Они переходят в другую половину избы, которая служит кухней, ужинают, пьют чай. Потом снова рассаживаются по своим местам и берутся за вязание.

— Да уж тетенька Васса — вот ажурница была. Сколько она узоров знала — мне и половины не упомнить. Паутинки-то у нее так и светились, таки богаты да тонки были — прямо как бисером шиты. Видела я на той неделе ажурный платок. Серебряну медаль ему дали на выставке где-то за границей, в какой-то Бельгии, что ль. Подруга моей племянницы купила[3]. Связи есть — вот и достала. Ну, нет — совсем далеко тому медальному платку до паутинок тетеньки Вассы.

Ну, она, чего и говорить, — из Верхне-Озерной. Замуж к нам ее выдали. А они, верхнеузернински — сродушны ажурницы. Мне рассказывали: еще в старо время одна вывязала паутинку — на тысячу петель, а в ней — гребень, веретено и царску корону. К царскому наследнику вязала — он в то время здесь проезжал.

А уж в наше время одна тоже большую паутинку сделала, а в ней — Кремль. Я в музее видела. И она сама рядом сфотографирована. А другая в Индию их главной начальнице связала, имя ее не упомню… Тоже на тысячу петель. А та ей ковер прислала…

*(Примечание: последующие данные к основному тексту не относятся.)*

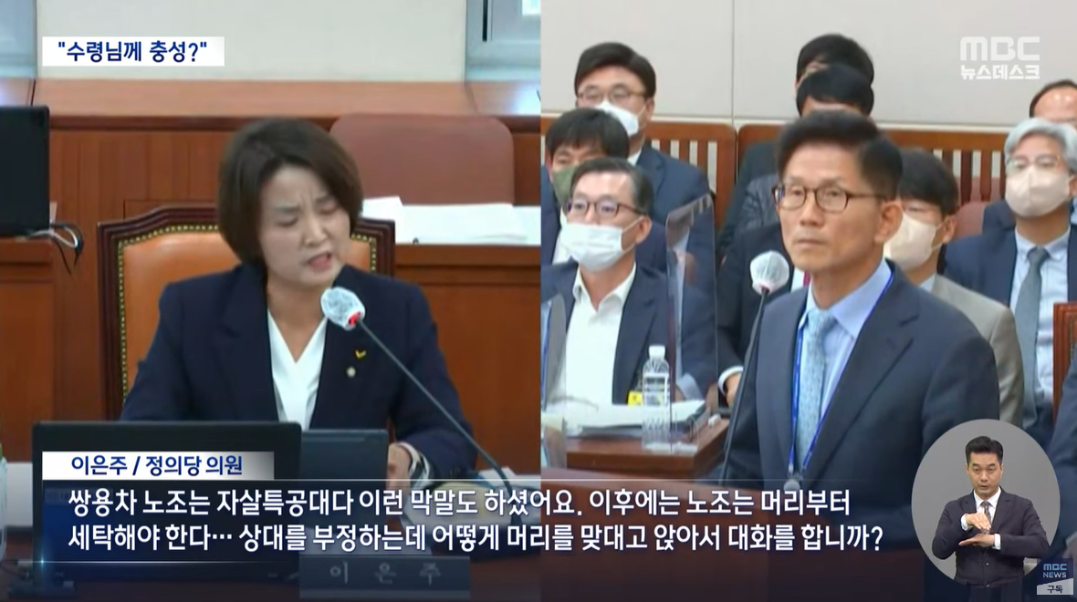 "쌍용차 노조는 자살특공대다 이런 막말도 하셨어요. 이후에는 노조는 머리부터 세탁해야 한다‥상대를 부정하는데 어떻게 머리를 맞대고 앉아서 대화를 합니까?"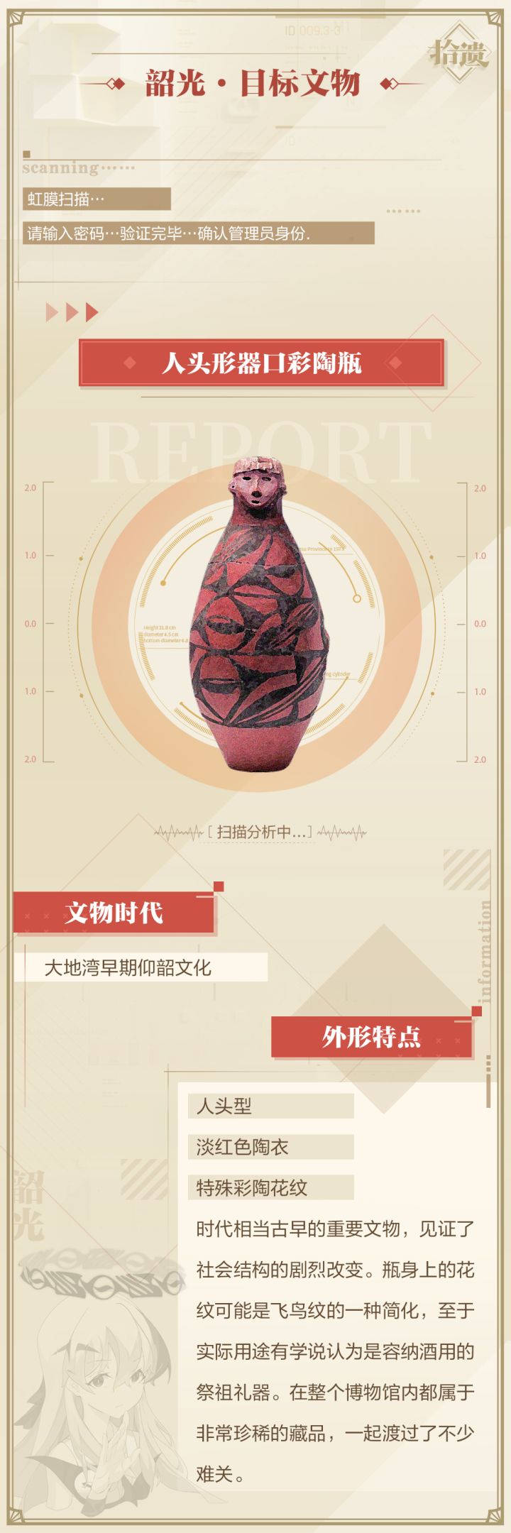 【拾遗·寄偶资料馆·韶光】亲爱的管理员,久等啦!今天为您带来的是第一位寄偶的资料档案,她是人头形器口彩陶瓶为原型的寄偶:韶光。除了参与前线战斗,似乎有什么更重要的任务由这位少女来承担……“管理员,我将在您身边‘记录’直到最后一刻。”小知识:目前人头形器口彩陶瓶存放于甘肃省博物馆哟!看在小十一辛苦且不鸽的份儿上,想要管理员们的互动!夸夸小十一这个小可爱,就会有更多饼,不是,更多资料发布哟!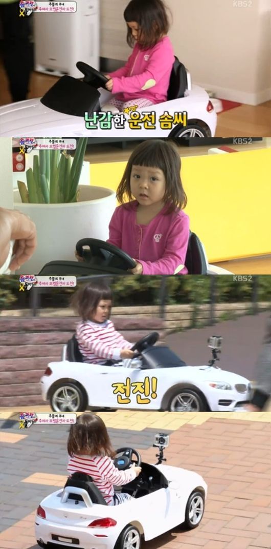 이에 사랑이는 밖으로 나가 본격적으로 자동차를 탔다. 하지만 사랑이는 벤치 등의 구조물에 계속해서 부딪혀 아빠의 도움을 받아야했다.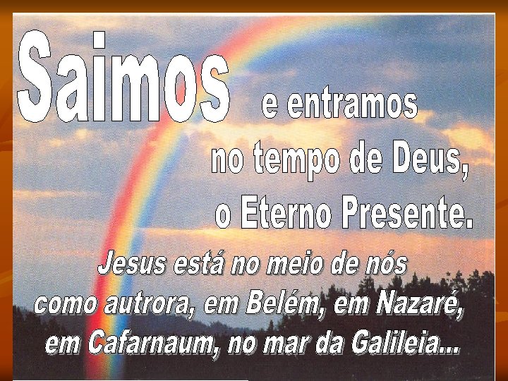 «Ide, pois, fazei discípulos de todos os povos, baptizando-os em nome do Pai, do Filho e do Espírito Santo, ensinando-os a cumprir tudo quanto vos tenho mandado. E sabei que Eu estarei sempre convosco até ao fim dos tempos. » (Mt 28)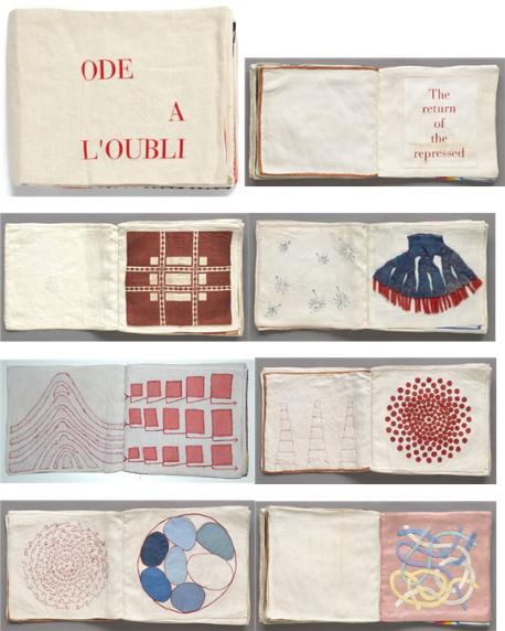 개인적으로 <망각의 시>라는 작품을 좋아합니다. 이 작품은 그녀의 자전적인 요소를 담아 한 권의 책으로 엮은 작품입니다. 총 36장으로 구성된 이 작품은 마치 그녀의 일기장을 펼쳐보는 듯한 느낌을 줍니다. 제목에서 느낄 수 있듯이 자신의 기억에서 오는 지난 상처들을 잊어버려는 의도에서 제작되었는데, 자신의 상처를 회피하지 않고 기억을 하나씩 꺼내어 가며 자신의 심리를 분석하고 자기 치유를 꾀하고자 하였습니다. 현재의 우리는 언제나 과거와 맞물려있기 때문에 그녀는 자신의 과거를 지우려면 과거와의 온전한 화해가 이루어져야 한다고 믿었습니다. 그녀에게 과거란 고통이고 공표였습니다. 그러나 이 작품에서는 과거의 작품과 같이 더 이상의 상처나 고통이 느껴지지 않습니다. 마치 어린이를 위한 동화책처럼 아기자기한 형상으로 된 패치워크처럼 보입니다. 이것은 그녀가 여전히 작품을 통해 과거를 환기하고 있지만. 그 속에서 카타르시스를 느끼고 자기 초월로 가고 있음을 의미합니다.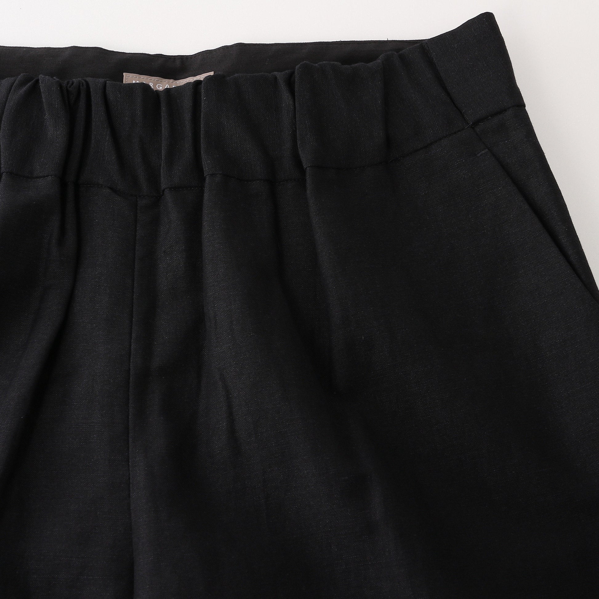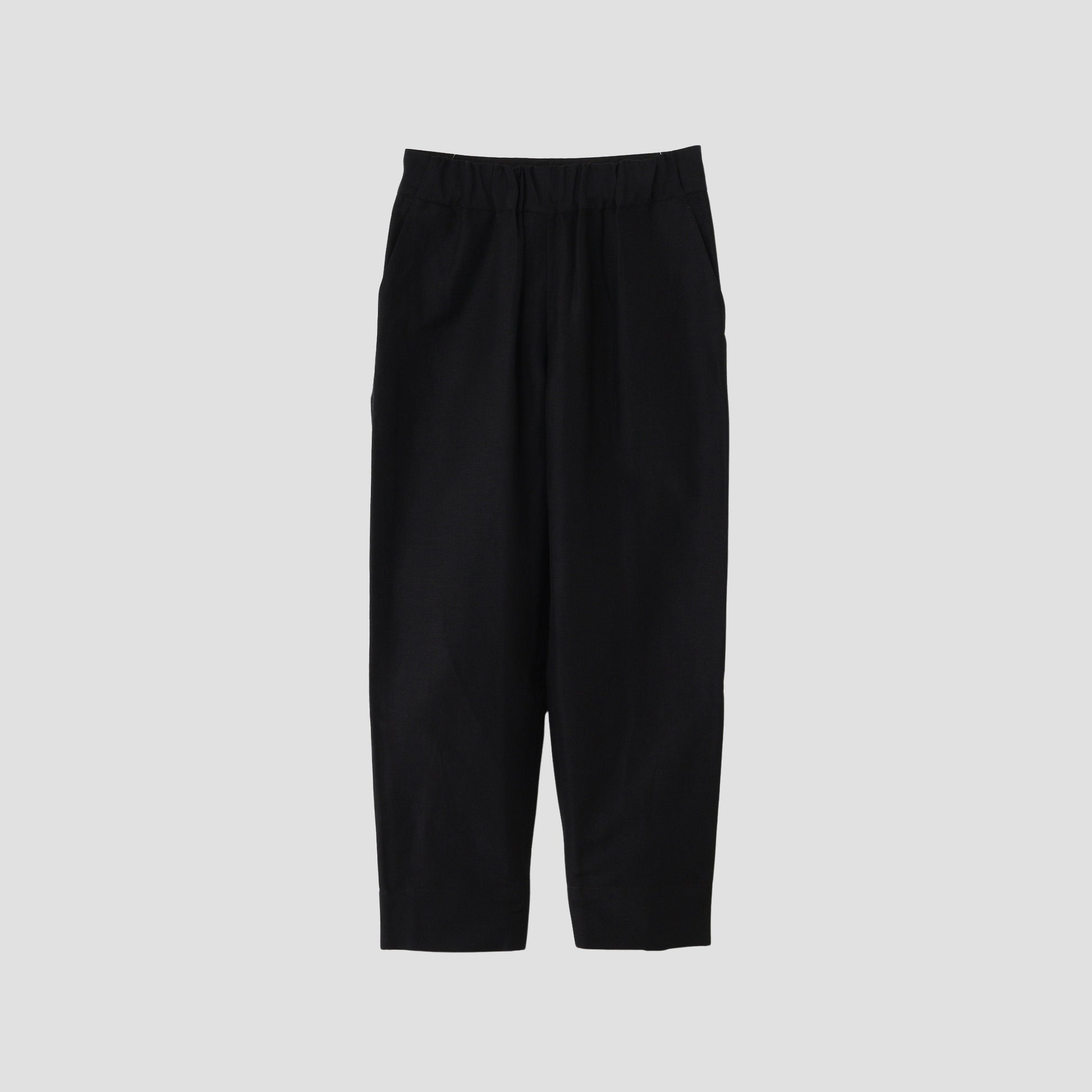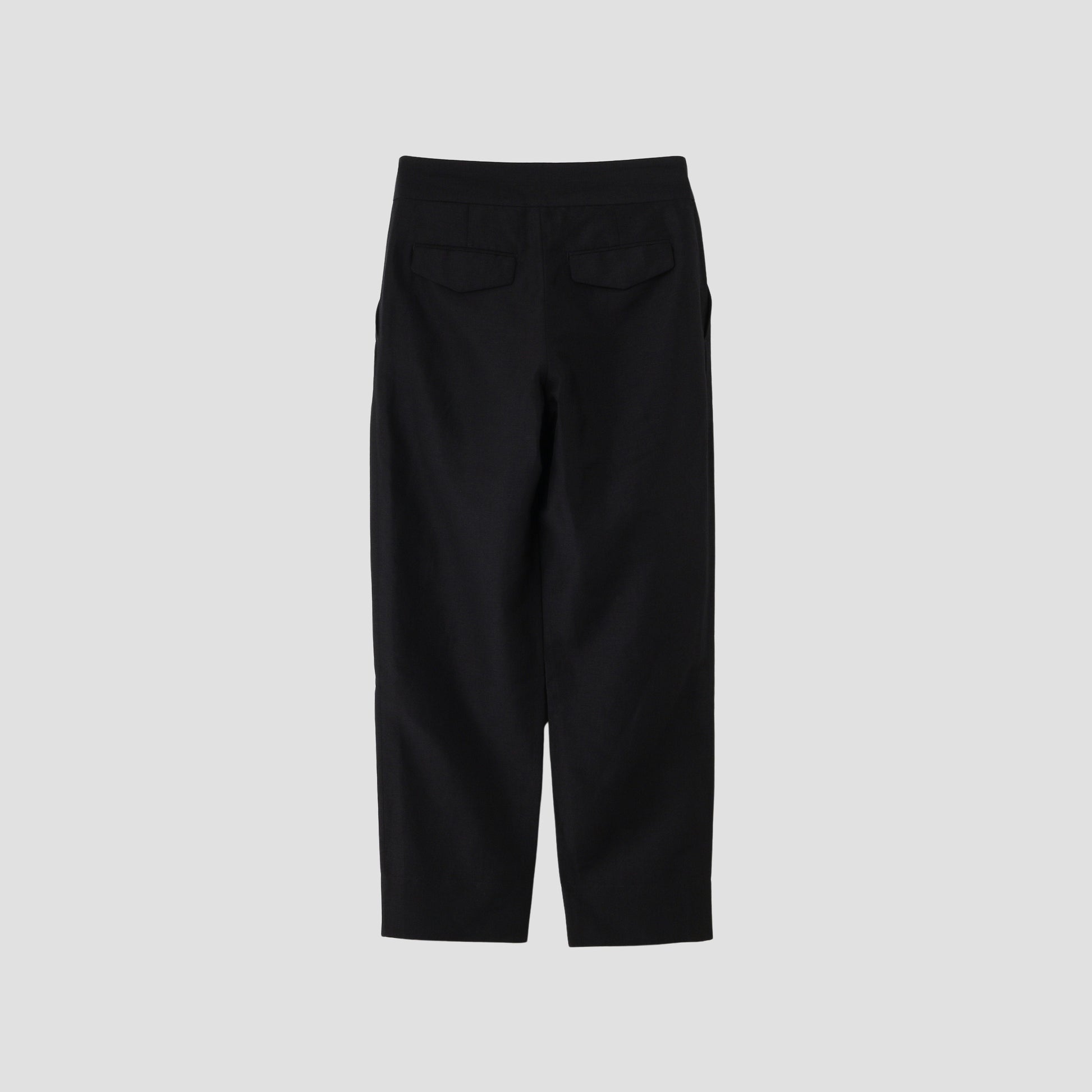 ウールリネン素材を使用したトラウザーズ。フロントデザインはドローコードによってギャザーが寄ったリラックスした雰囲気。バックスタイルはフラップ付きの玉縁ポケットを配し、テーラードの要素を取り入れたアイテム。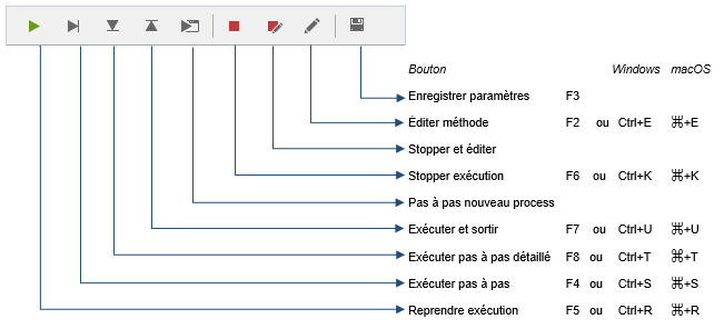 Raccourcis du débogueur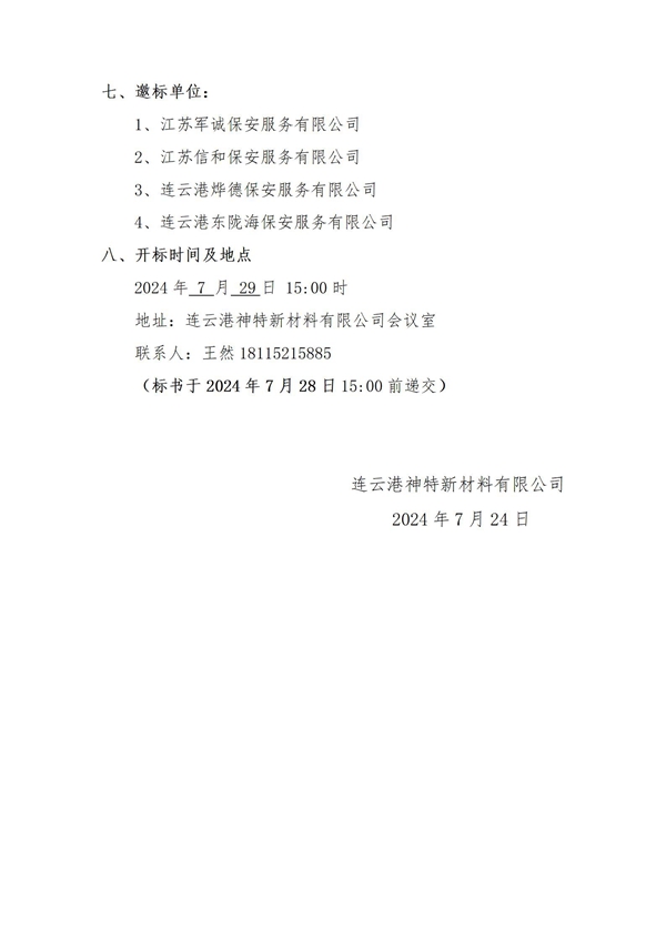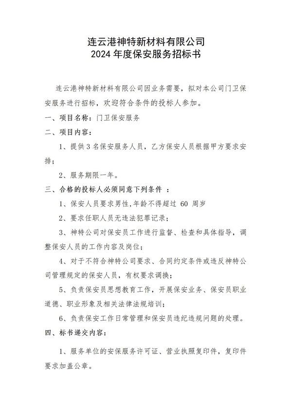 神特公司2024年保安服务邀请招标公告

Тетя Лиза некоторое время молчит, погруженная в задумчивость и воспоминания.

— Да, уж истая мастерица была, тетенька Васса. И мне от нее хватило умения, а из-за этого — и уважения. Вот хоть на фабрике: моя фотокарточка, бывало, всегда на доске Почета. А на праздники, больше всего на Восьмого марта, подарки получала. Трудовую книжку до сего храню.

В другое время Оля и Света, может быть, пропустили бы мимо ушей разговор о трудовой книжке. Но сейчас у них перед глазами ажурный платок — наглядное свидетельство тети Лизиного умения, и они просят трудовую книжку показать. Тетя Лиза делает это с удовольствием.

Она открывает одежный шкаф, достает чистенькую картонную коробку и вынимает из отдельной стопки, перехваченной резинкой, потрепанный обветшавший документ.

Оля читает вслух:

«За высокие показатели в социалистическом соревновании выдан ценный подарок. Приказ номер тридцать. Седьмого марта тысяча девятьсот шестьдесят третьего года».

И еще читает несколько записей. Они все похожи.

вернуться

3

Здесь речь идет, конечно, не буквально о том платке, который побывал на Всемирной выставке в Брюсселе (1958 год), а о паутинке, связанной по тому образцу, по тому узору.